In order to avoid repeating Trump’s politicization of law enforcement, a President Biden would need to give maximum autonomy to those in charge of Trump probes, which he’s already inclined to do. Bassin, from Protect Democracy, goes so far as to argue that if elected, Biden should choose an attorney general who hasn’t been involved in Democratic Party politics in order to make the post-Trump cleanup look as fair as possible.
“If America’s lucky enough to be wrestling with the very difficult questions of accountability that countries face after an abusive autocratic regime, it’s going to be essential that the attorney general be seen as independent and not as an arm of the White House or Democratic Party,” Bassin said.
Should Trump officials face prosecution, Bassin worries about even the appearance of a political vendetta. “If they are seen as political retribution, and look in any way like President Trump’s own claims to ‘lock her up,’ that can actually be more destructive than restorative,” he said. “It risks sending us down a downward spiral where each side, when winning power, seeks to prosecute its opponents.”
Given that Trump has convinced large swaths of the country that the F.B.I. is a hotbed of leftist subversion, it’s hard to see how any prosecution would seem legitimate to most Republicans.
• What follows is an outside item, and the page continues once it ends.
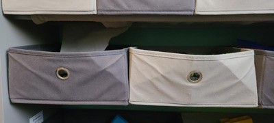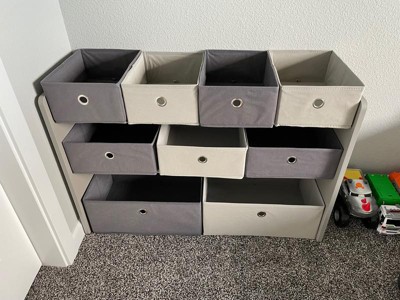 [This review was collected as part of a promotion.] I got this Humble Crew Camden Fabric Multi Bin Toy Organizer with 9 Storage Bins for my 2 boys to store their toys in. It's a good size at 3ft across, just over 2ft tall to top of bins and 1ft deep. I love that there are so many, different sized bins for a more organized storage solution. It was pretty easy to put together following the directions that were included. Only needed a couple of tools and did it by myself. At first I thought it felt a little wobbly, but after placing it in my boys' room and loaded it up with toys, it felt pretty sturdy. After 6 months of use, my only issues were with the thickness and quality of the paper-like fabric "shelves", the top one ripped within the 1st month of use, and the durability of the fabric bins. None of the bins have broken or ripped, but the cardboard sewn into them gets misshapen very quickly. Except for the bin's bottom insert, they are thicker and definitely more sturdy.

But Bassin holds out hope that a President Biden could restore, among a majority of the country, “an understanding that there is a role for an independent Department of Justice.”
“I don’t underestimate the challenge here, but he’s got to do all the things that are possible to get us back on that path,” Bassin said. “Otherwise we are going to be fighting over the very foundational institutions of our democracy endlessly.”
This might be our fate regardless. But he’s right about the challenge for Democrats, should they take power. They must extirpate Trumpism, without ever seeming to imitate it.